In December 1816 he was demoted to Private by the order of Grand Duke Konstantin Pavlovich for "rude behavior in the house of a collegiate assessor, Mrs Wangersheim, not paying his debt to a candy shop, and laziness in military service".
He shot and fatally wounded the governor of Saint Petersburg and a popular hero of the Napoleonic Wars, General Mikhail Andreyevich Miloradovich, who attempted to pacify the Decembrists troops and prevent the bloodletting.
Kakhovsky also killed the commander of the Life-guard grenadier regiment colonel Ludwig Niklaus von Stürler who went to the Senate Square to persuade his soldiers not to take part in the uprising, and wounded another officer Gastfer.
He argued before the Investigating Commission, that the high-handedness of the bureaucracy, the lack of respect for ancient gentry freedom, and the favoritism shown to foreigners had been the primary cause of the suppressed uprising.
He was executed (at the second attempt) along with four other ringleaders—Pavel Pestel, Sergey Muravyov-Apostol, Mikhail Bestuzhev-Ryumin and Kondraty Ryleyev on a crownwork of the Peter and Paul Fortress on 25 July 1826, and presumably interred with the rest of the five in a secret grave on Goloday Island in Saint Petersburg.

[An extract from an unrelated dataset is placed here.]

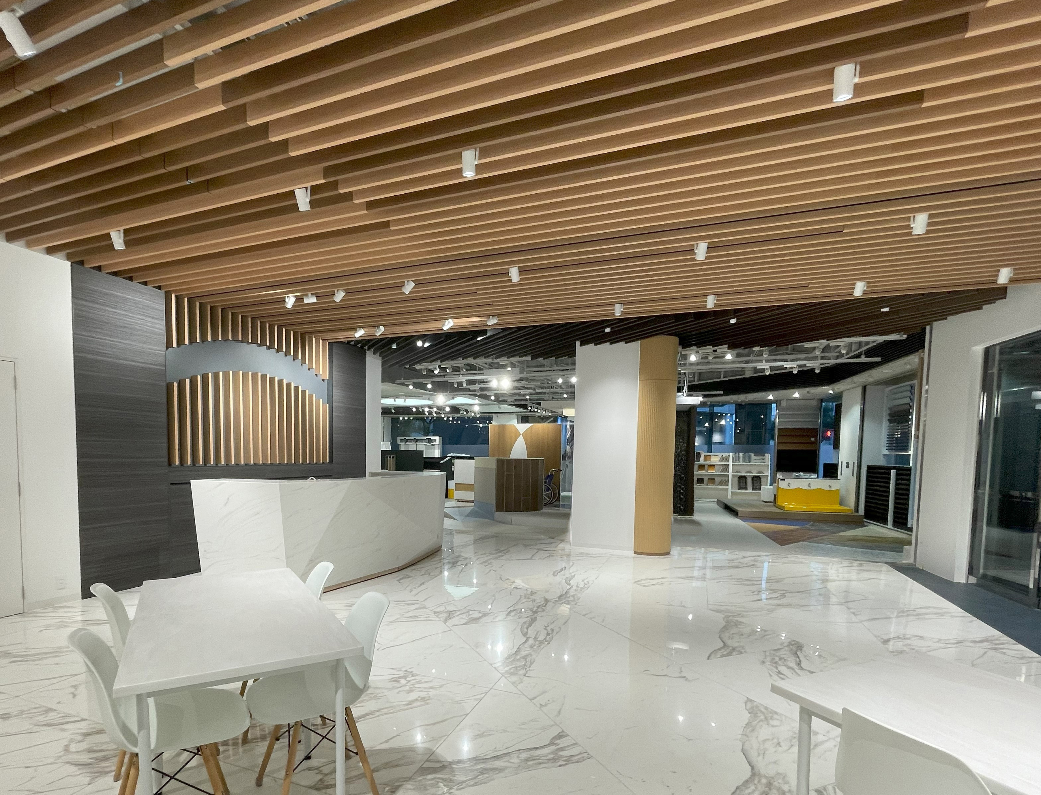 ショールーム内は「シーン展示」「サンプルライブラリー」「検証エリア」「商談エリア」の、大きく4つのエリアで構成されています。メインとなる「シーン展示」では、施設別に7つのシーンを想定した空間展示をご用意。床・壁・天井などの使用イメージが再現されているだけでなく、おすすめ商品の使い方や端部の納まりなども確認可能です。そのほか、採用現場に近い色温度で素材を確認することができる「検証エリア」や、お客さまが自由にご利用いただけるワークスペースも新設しました。

His grandniece Irina Konstantinovna Kakhovskaya (1887 – 1960) was a Left Socialist-Revolutionary militant and also became a terrorist: in 1918 she collaborated in the assassination of the German governor of Ukraine Hermann von Eichhorn, and actively worked in two failed attempts on the lives of Hetman Pavlo Skoropadskyi and General Anton Denikin.